The first is a Laplace
http://img16.imageshack.us/img16/670/webwork1.th.jpg

For this is transformed the equation and ended up with a linear differential eqn of the form:
Y'(s) +Y(s) (sē-6)/-2s= (8+7sē)/-2sē

Im not sure if this is the correct method. I'm also stuck after this step as I cannot find a suitable integrating factor.

Secondly,
I completed most of this question
I am just unsure as to what
" The closed form of solution a" is referring too.

http://img20.imageshack.us/img20/7262/45883123.jpg

Thanks !
• Nov 25th 2009, 12:39 AM
chisigma
First question...

Remembering that if $Y(s)= \mathcal{L} \{y(t)\}$ the following basic properties hold...

$\mathcal{L} \{y^{'}(t)\} = s\cdot Y(s) - y(0)$

$\mathcal{L} \{y^{''}(t)\} = s^{2}\cdot Y(s) - s\cdot y(0) - y^{'}(0)$

$\mathcal{L} \{t\cdot y(t)\} = - Y^{'} (s)$ (1)

... the DE...

$y^{''} + 2t\cdot y^{'} - 4\cdot y = 8$ , $y(0)=7$, $y^{'}(0)=0$ (2)

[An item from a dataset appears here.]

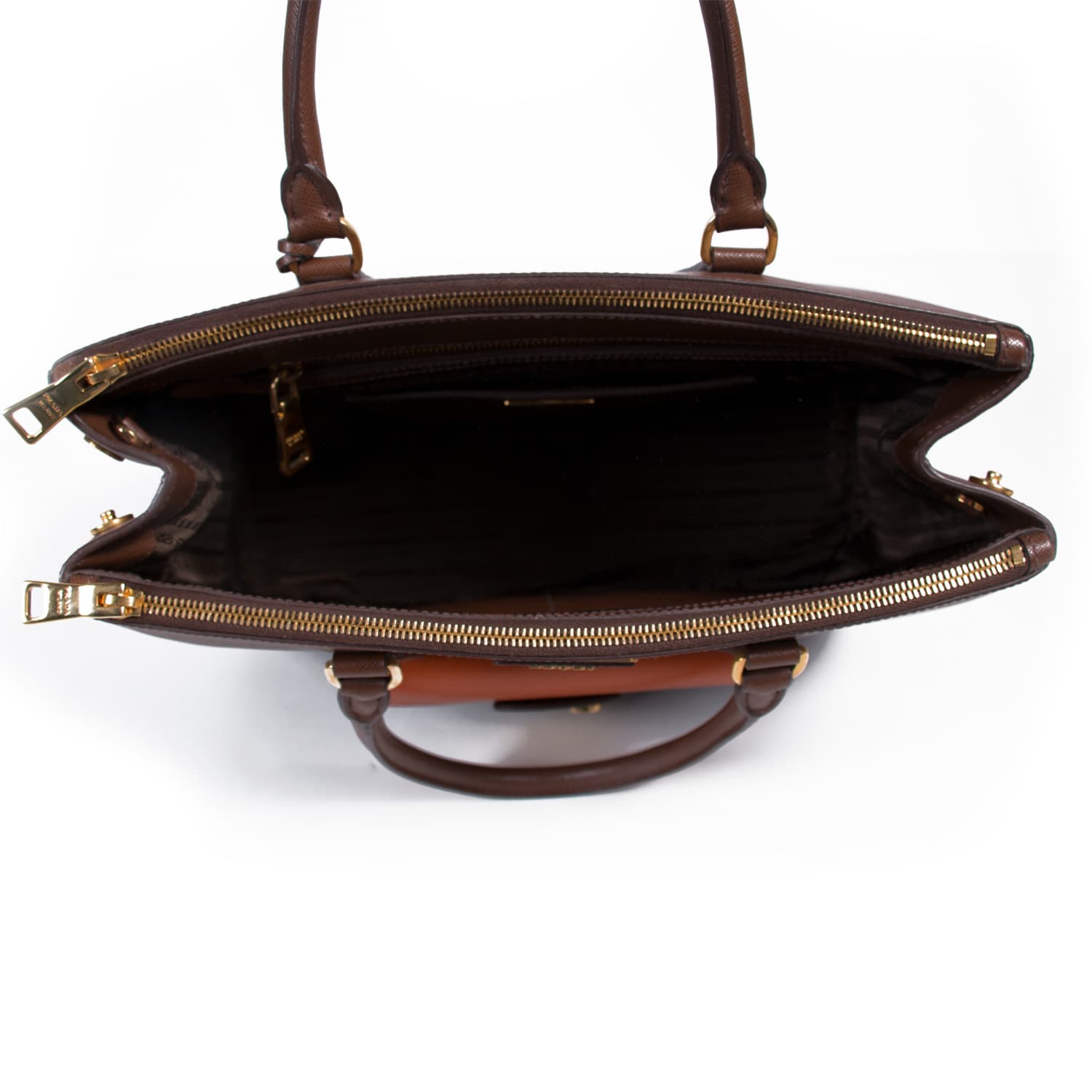 Details: Brown Saffiano Leather / Gold Tone Hardware / Dual Rolled Handles / Adjustable and Removable Shoulder Strap / Dual Zipper Exterior Pocket / Exterior Small Pocket at Front / One Zip Pocket and Three Slit Pocket at Interior

... in terms of LT is written as...

$s^{2}\cdot Y(s) -7s - 2\cdot s\cdot Y^{'}(s) - 2\cdot Y(s) -4\cdot Y(s) = \frac{8}{s}$ (3)

... and from (3) ...

$Y^{'}(s)= \frac{s^{2}-6}{2s}\cdot Y(s) - \frac{8 + 7\cdot s^{2}}{2\cdot s^{2} }$ (4)

So your solution is correct but the problem now is to solve the first order DE (4) in terms of s...

Kind regards

$\chi$ $\sigma$
• Nov 25th 2009, 09:36 AM
chisigma
In the last post we have shown that the linear second order DE in t...

$y^{''} + 2t\cdot y^{'} - 4\cdot y = 8$ , $y(0)=7$, $y^{'}(0)=0$ (1)

... can be written in terms of LT as the first order DE in s...

$Y^{'}(s)= \frac{s^{2}-6}{2s}\cdot Y(s) - \frac{8 + 7\cdot s^{2}}{2\cdot s^{2} }$ (2)

The (2) can be solved in 'standard fashion' and its general solution is...

$Y(s) = c \cdot \frac{s^{\frac{x^{2}}{4}}}{s^{3}} + \frac{36}{s^{3}} + \frac{7}{s}$ (3)

For the 'initial value theorem' from the condition $y(0)=7$ we detrive that it must be...

$\lim_{t \rightarrow 0} y(t) = \lim_{s \rightarrow \infty} s\cdot Y(s) = 7$ (4)

... and that means that in (3) must be $c=0$, so that the solution of (1) is...

$y(t)= \mathcal{L}^{-1} \{\frac{36}{s^{3}} + \frac{7}{s}\} = 18 t^{2} + 7$ (5)

Kind regards

$\chi$ $\sigma$